The frequency-comparison ratios boasted uncertainties between six and eight parts per quintillion, a number represented by a one followed by 18 zeros. An equally precise measure of the Earth's 7,926-mile diameter at the equator would have an uncertainty of about 4 billionths of an inch, or around the size of a small atom.

The ratios are the three most precise measurements ever made, according to Kennedy, barring measurements of the value 1 to numerous decimal digits. He said these ratios are useful for reproducing and confirming the results of optical atomic clocks, whose direct measurements are challenging to transmit because of their high energy.

They are also an important step toward redefining the second. The International Bureau of Weights and Measures, the intergovernmental organization that oversees the metric system, laid out five milestones to be met before the second is formally redefined using optical atomic clocks. NIST's ytterbium clock met the first milestone in 2018 by being 100 times more accurate than the best cesium clock, and the most recent research makes progress toward the milestone related to comparing optical atomic clocks.

The measurements of the frequency-comparison ratios were so sensitive that the scientists needed to account for the usually negligible effects of general relativity on the atomic clocks, which they did by surveying the area to know the altitudes of their equipment.

Hume said, "General relativity tells us that time moves slower in a deeper gravitational potential, so if you take two clocks that are perfectly identical in every way and you move one up a few centimeters, then it will be ticking faster by a very, very small amount — a few parts in a billion billion."

The atomic-clock researchers also harnessed the unprecedented precision to narrow the search for dark matter, an unidentified form of matter that nevertheless imposes significant gravitational effects on the cosmological scale. The frequency-ratio measurements were used to put the tightest-yet constraints on the possible masses dark matter can be — specifically on ultralight dark matter, one theoretical form of it that would be incredibly small and low-energy.

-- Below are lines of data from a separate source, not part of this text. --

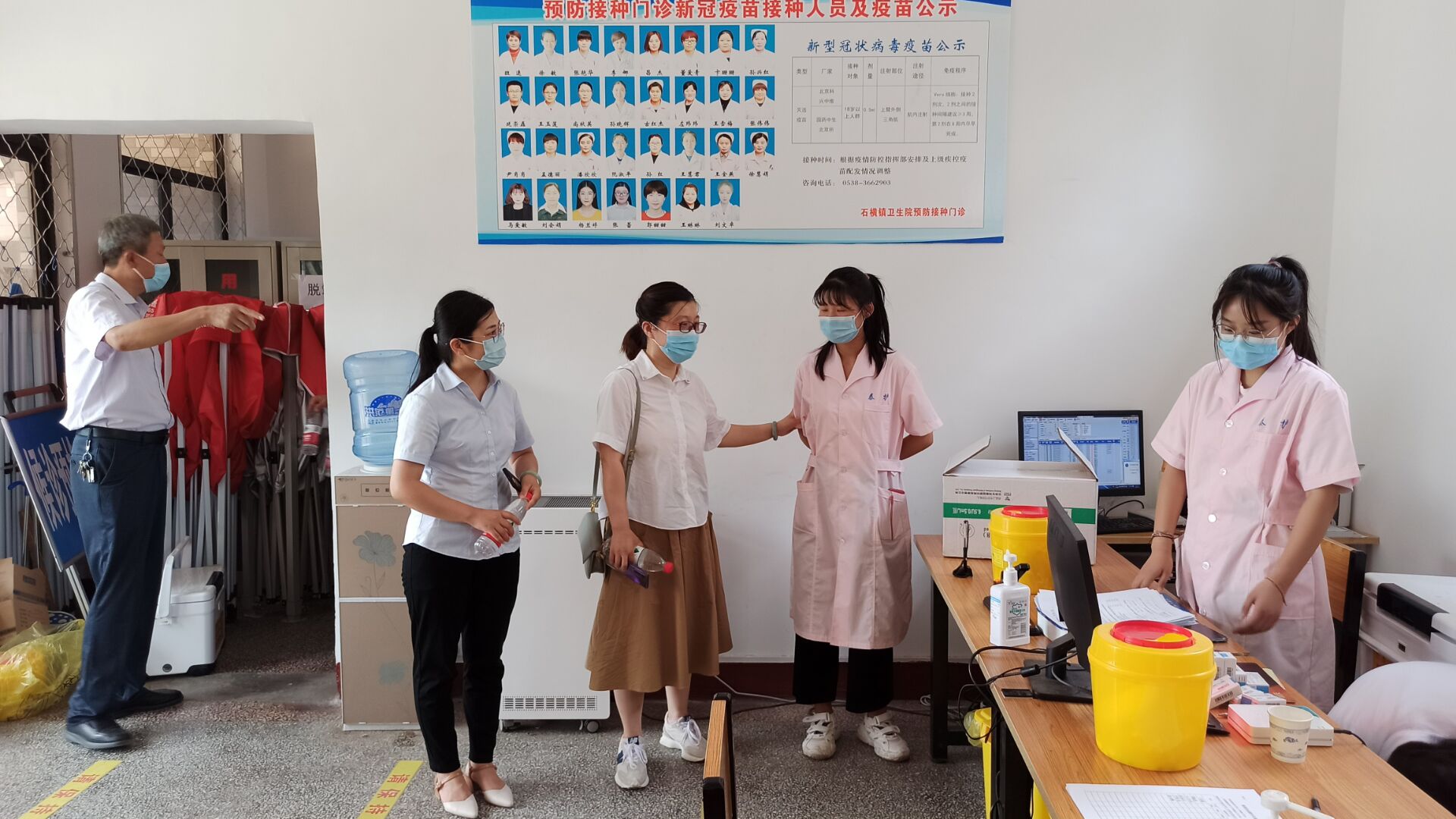 预检分诊工作也非常重要,志愿者不惧辛苦,站在自己的岗位去服务那些需要的病人们。病房里的志愿者们仔细核对病人信息,为病人输液换药。随着新冠疫苗的普及,全国人民积极响应号召,石横镇的村民也不例外,每天来接种的村民们络绎不绝。两位老师来到疫苗接种站看到了志愿者忙碌的身影,她们褪去了稚嫩,化身医务工作者,坚守在自己的工作岗位上。
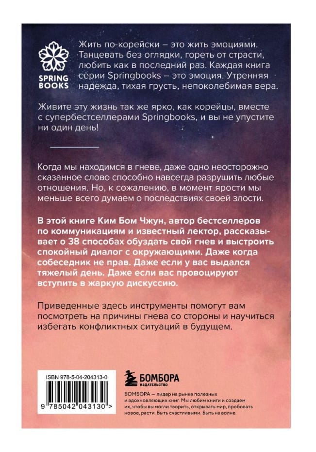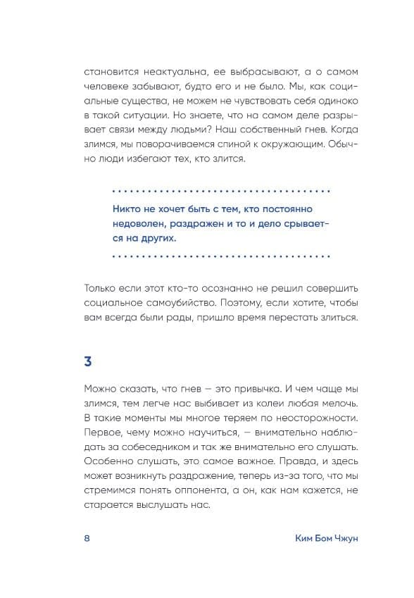 Ким Бом Чжун считает, что гнев играет ключевую роль в разрушении отношений между людьми. Когда мы злимся, то плохо не только нам, но и нашему собеседнику, вследствие чего возникает конфликт, и люди отдаляются друг от друга. В жизни возникает бесчисленное количество ситуаций, которые могут вывести нас из себя, но правильно ли мы на них реагируем? Всегда ли стоит злиться? Действительно бывают, моменты, которые будто запускают механизм-взрывчатку внутри тебя. Кем-то неосторожно сказанное слово, и вот ты уже весь красный от злости высказываешь очередную тираду собеседнику. Или в иной ситуации выслушиваешь гневную речь от собеседника. Поэтому автор дает советы для обеих сторон конфликта. В книге 5 глав, посвященных тому, как думать, говорить, слушать и даже молчать.
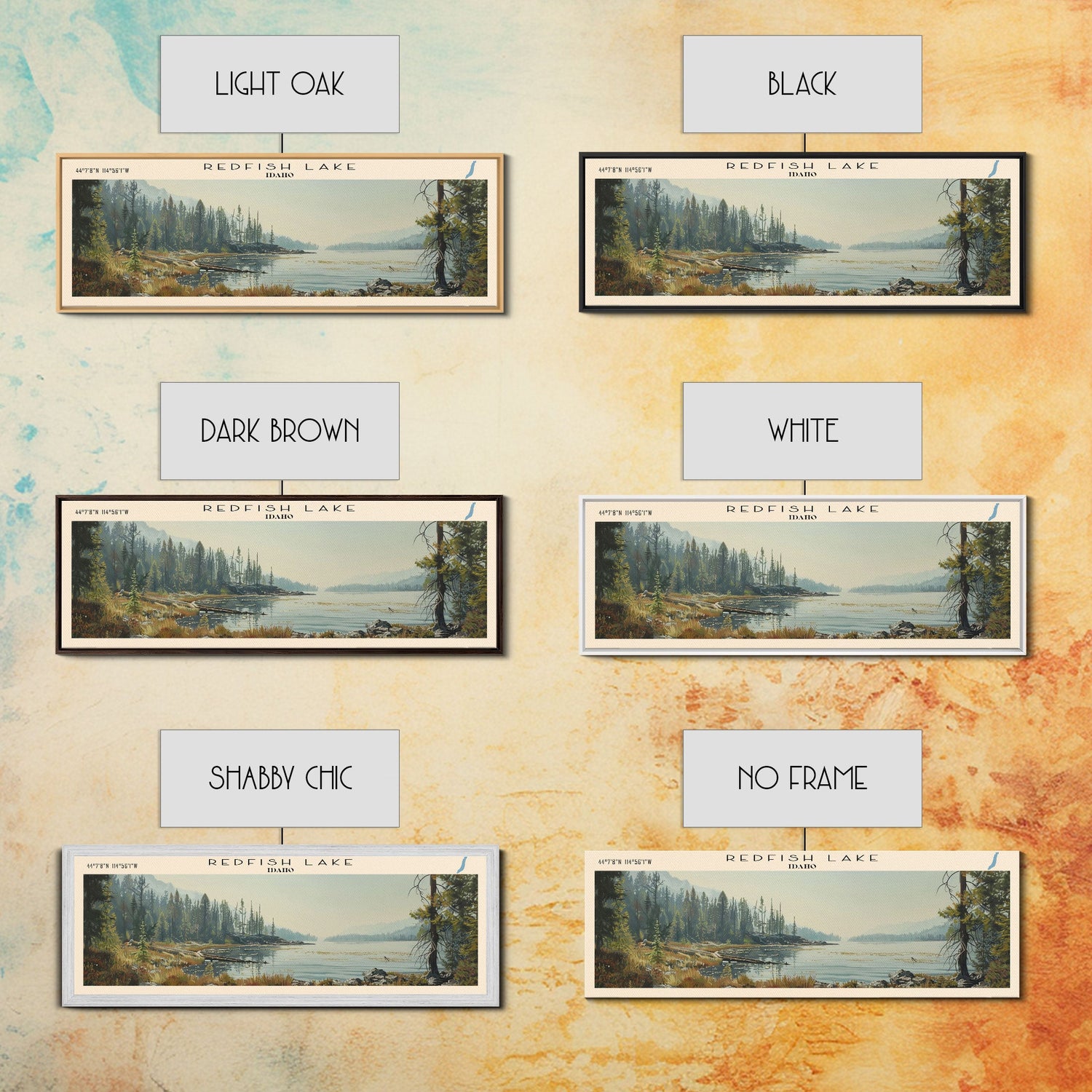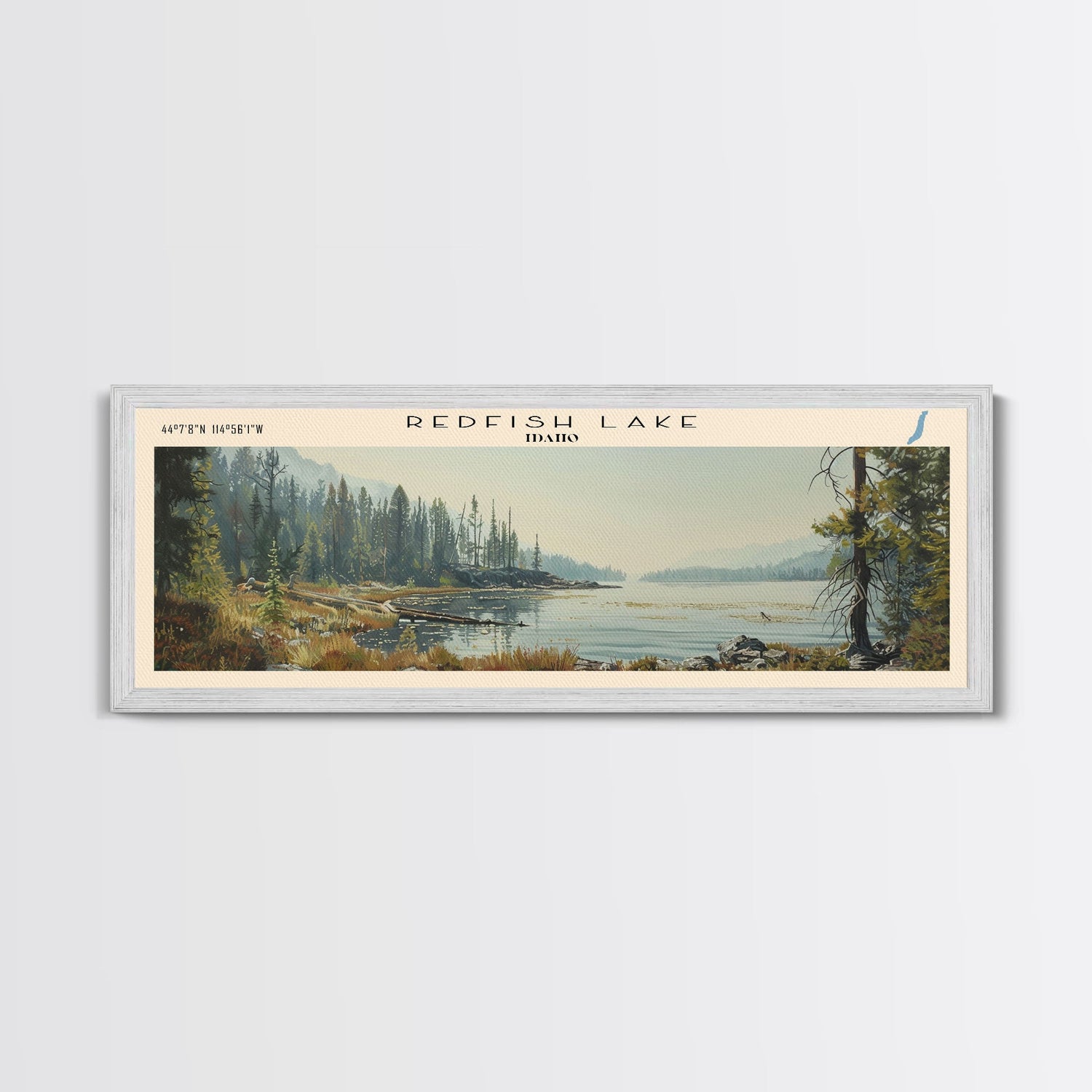 Redfish Lake Idaho Framed Canvas Print, Lake House Decor, Panoramic Wall Art, Travel Poster, Beautiful Landscape Painting, Living Room Decor
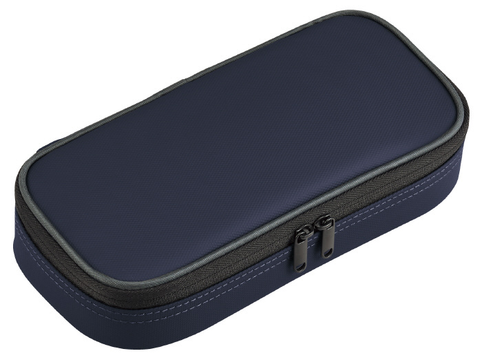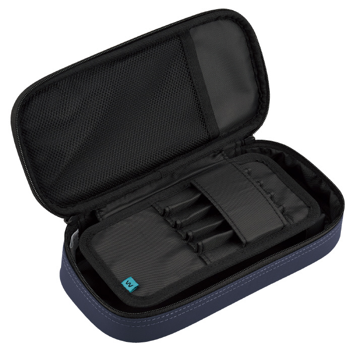 ●収容するアイテムに合わせたさまざまなサイズのポケット。フタ裏には定規などが入るメッシュポケット、ペントレー裏にはシャープ替芯2個とふせんが入る薄型ポケット。下段は消しゴムや修正テープ用の小物スペースと約15本のペンが収容できる大スペースに仕切られているため、整理しやすく取り出しやすい。●丈夫なコーティング生地にクッション材を内蔵し、周囲にパイピングを施した、耐久性と高級感にこだわったデザイン。
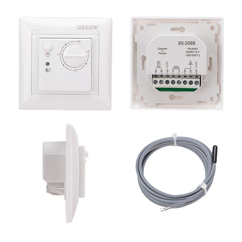 Терморегулятор мех. RX-308B датчик пола. 3.6кВт 16А бел. REXANT 51-0562 Rexant
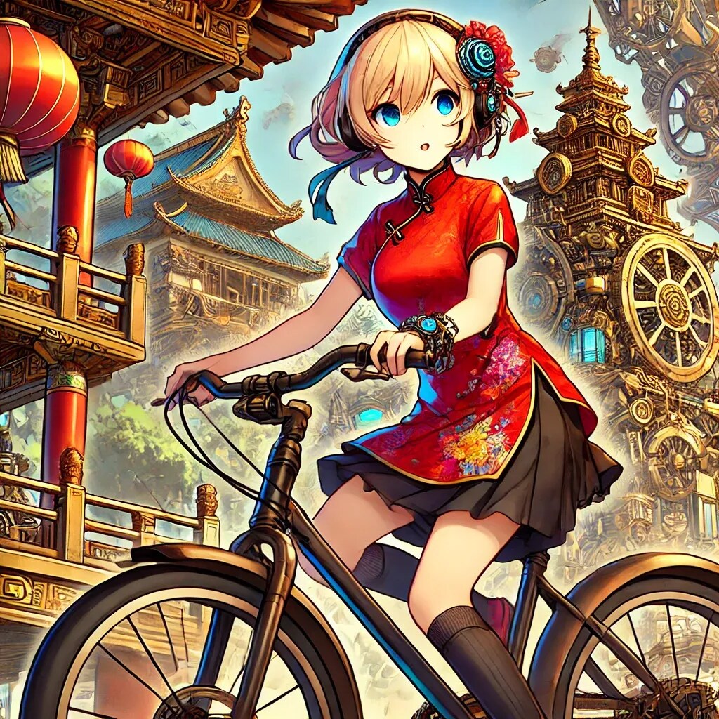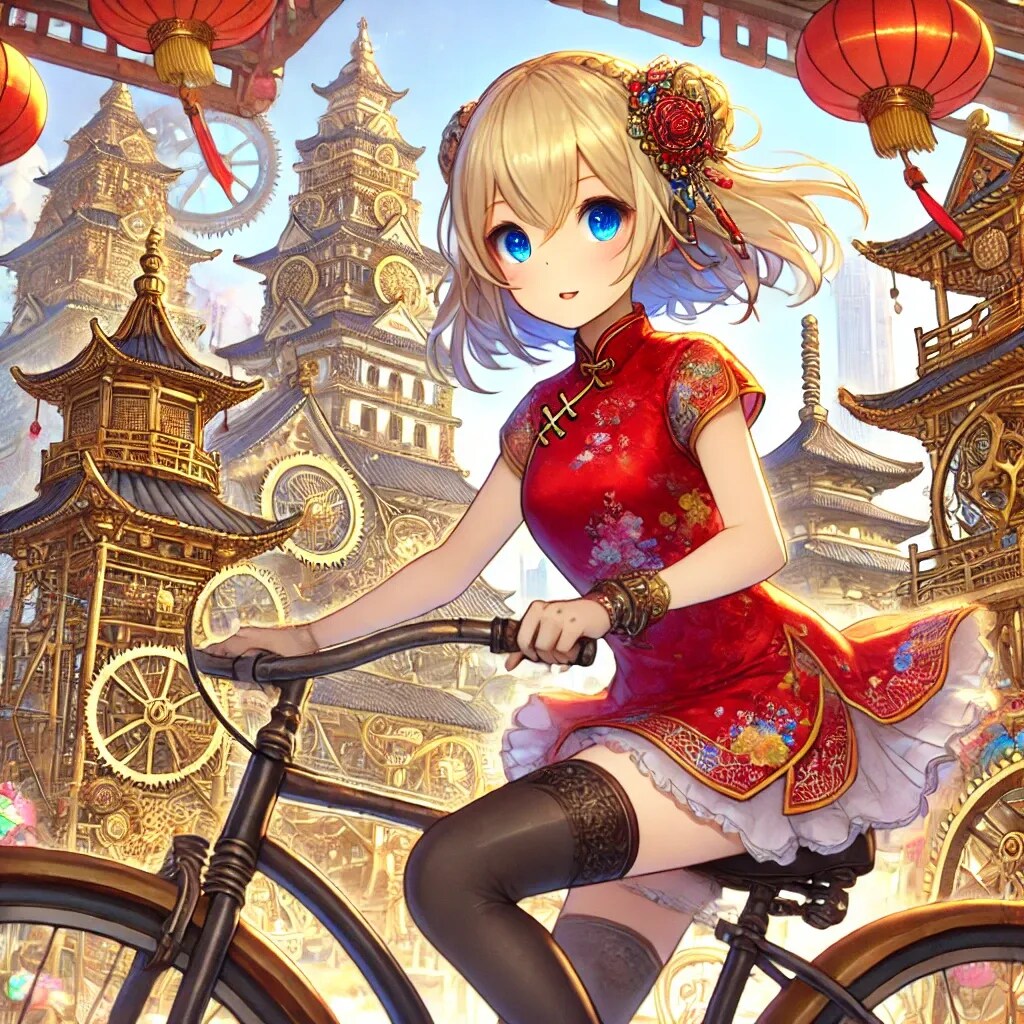 機械仕掛けの寺院と赤いチャイナドレスの組み合わせが、アジアンテイストのスチームパンクという独特の世界観を見事に演出しています。
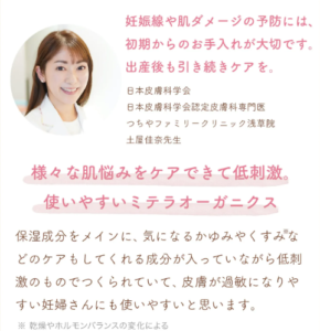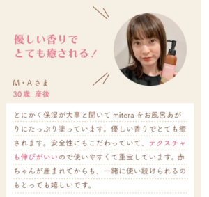 完全無添加なので肌にも優しいので安心して使えますよ[/char] [char no=”4″ char=”えりこ”]産前から産後まで安心して使えるmiteraの妊娠線予防クリーム
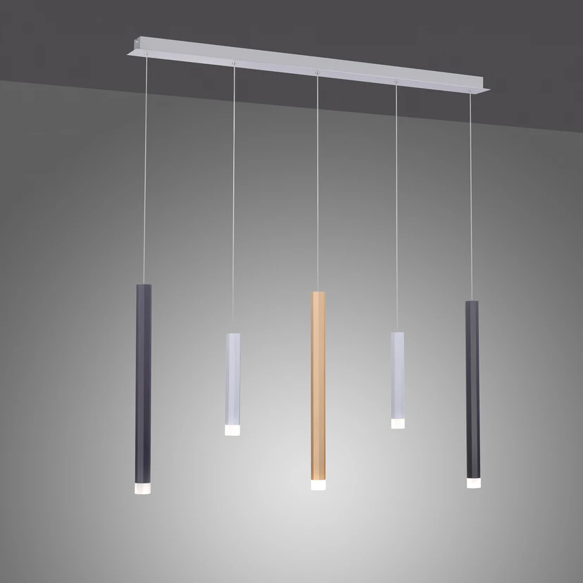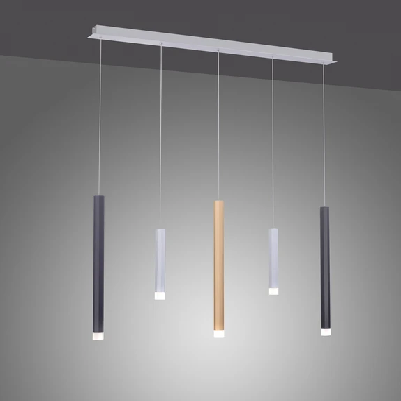 Zwei kurze und drei lange, schmal und zylindrisch gestaltete Leuchten hängen vom langen Baldachin in unterschiedlichen Abhängungen herab und erhellen beispielsweise einen langen Tisch oder eine Theke in Perfektion. In den einzelnen Leuchten wurden warmweiß strahlende LED-Boards verbaut, die sich über den Wand-Lichtschalter dimmen lassen. Diese Simply-dim-Technologie macht es möglich, die Leuchte über den vorhandenen Schalter in der Helligkeit von 100 % Lichtstärke bis zu 10 % Lichtstärke zu regulieren. Die Memory-Funktion speichert die gewählte Einstellung bis zum nächsten Einschalten bzw. so lange, bis die Auswahl geändert wird. Das puristische Erscheinungsbild der Hängeleuchte aus der Pure-Reihe ist ästhetisch und raffiniert zugleich und lässt die Leuchte zu einem Blickfang im Raum werden.

The dark-matter application is one example of how atomic clocks can be used as a tool in physics research, which also includes testing whether fundamental constants really are constant and measuring differences in Earth's shape and gravity in different parts of the world.

The study used data that was collected between 2017 and 2018, and Hume said he looks forward to using the additional research that has been conducted since then to make even more precise measurements. Kennedy wants to see their work reproduced by other groups, which would generate greater confidence in the results and speed up the redefining process for the second.

"Reproducibility of these ratios is really the key aspect standing in the way between actually redefining the second in terms of an optical standard," Kennedy said. "We really need to see the same number measured by different labs using different approaches all over the world."

The study, "Frequency ratio measurements at 18-digit accuracy using an optical clock network," published March 23 in Nature, was authored by Kyle Beloy, Martha Bodine, Samuel Brewer, Jwo-Sy Chen, Scott Diddams, Robert Fasano, Tara Fortier, Youssef Hassan, David Hume, Isaac Khader, Amanda Koepke, David Leibrandt, Holly Leopardi, Andrew Ludlow, William McGrew, Nathan Newbury, Daniele Nicolodi, Thomas Parker, Stefania Romisch, Stefan Schäffer, Jeffrey Sherman, Laura Sinclair, William Swann, Jian Yao and Xiaogang Zhang, National Institute of Standards and Technology; Jean-Daniel Deschênes, Consultation OctoSig; Tobias Bothwell, Sarah Bromley, Dhruv Kedar, William Milner, John Robinson and Lindsay Sonderhouse, University of Colorado; and Colin Kennedy, Eric Oelker and Jun Ye, National Institute of Standards and Technology and University of Colorado.